Haim, whom he “knew before her first album came out,” was a perfect fit.

“She came in and nailed the harmonies immediately,” he said. “She’s one of the few singers in a band that I really feel a connection to. I think we think similarly about music, and I think our voices sound good together. … Who else could it be?”

More than ever before, Koenig’s real life seems to bleed into the songs. On “This Life,” for example, he sings “Baby, I know pain is as natural as the rain / I just thought it didn’t rain in California / Baby, I know love isn’t what I thought it was / ’cause I’ve never known a love like this before.” Though it’s impossible to know, it’s difficult not to take these lines as real-life references to the past few years, during which he moved to California and had a son with his girlfriend, actress Rashida Jones.

But the Vampire Weekend-esque idiosyncrasies are present throughout. Sly, tongue-in-cheek winks at conversations surrounding cultural appropriation, seen in the early days on tracks like “Cape Cod Kwassa Kwassa” still appear here, as evidenced by the fact that there’s a song titled “Unbearably White” (a phrase that appears in the lyrics both in reference to a blanket of snow on a mountain and to an unnamed “us.”) Koenig even references his old songs on “Harmony Hall,” reprising the line “I don’t wanna live like this, but I don’t wanna die” from “Finger Back.”

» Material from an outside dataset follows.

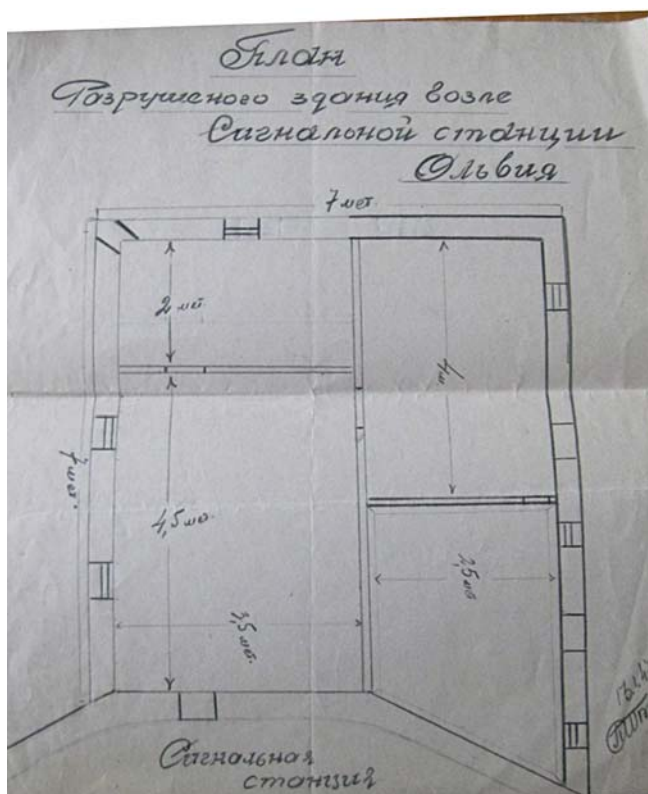
Рис. 4. План приміщення біля Сигнальної станції. 1947 р. (НА ІА НАНУ, ф. 17, спр. 146) Fig. 4. Plan of the building Signal stations. 1947

важливим для розуміння того, яке значення Л. Славін надавав Ольвійському заповіднику та його музею. В цей період вчений крім дослідницької та викладацької діяльності ще й обіймав досить високі адміністративні посади – директор, а потім заступник директора ІА АН УРСР. Але власним прикладом, опікуючись і переймаючись справами власної експедиції, якою він керував з 1936 р., він показував важливість швидкого відновлення тих втрат, яких завдала війна культурній спадщині країни.

True to form, the whole breezy double LP concludes with a light song about a divisive, heavy subject. “Jerusalem, New York, Berlin,” which is obliquely about the 1917 Balfour Declaration, in which the British expressed support during World War I to create a “national home for the Jewish people” in Palestine, might be best described as academic pop.

But Koenig doesn’t want to talk about it.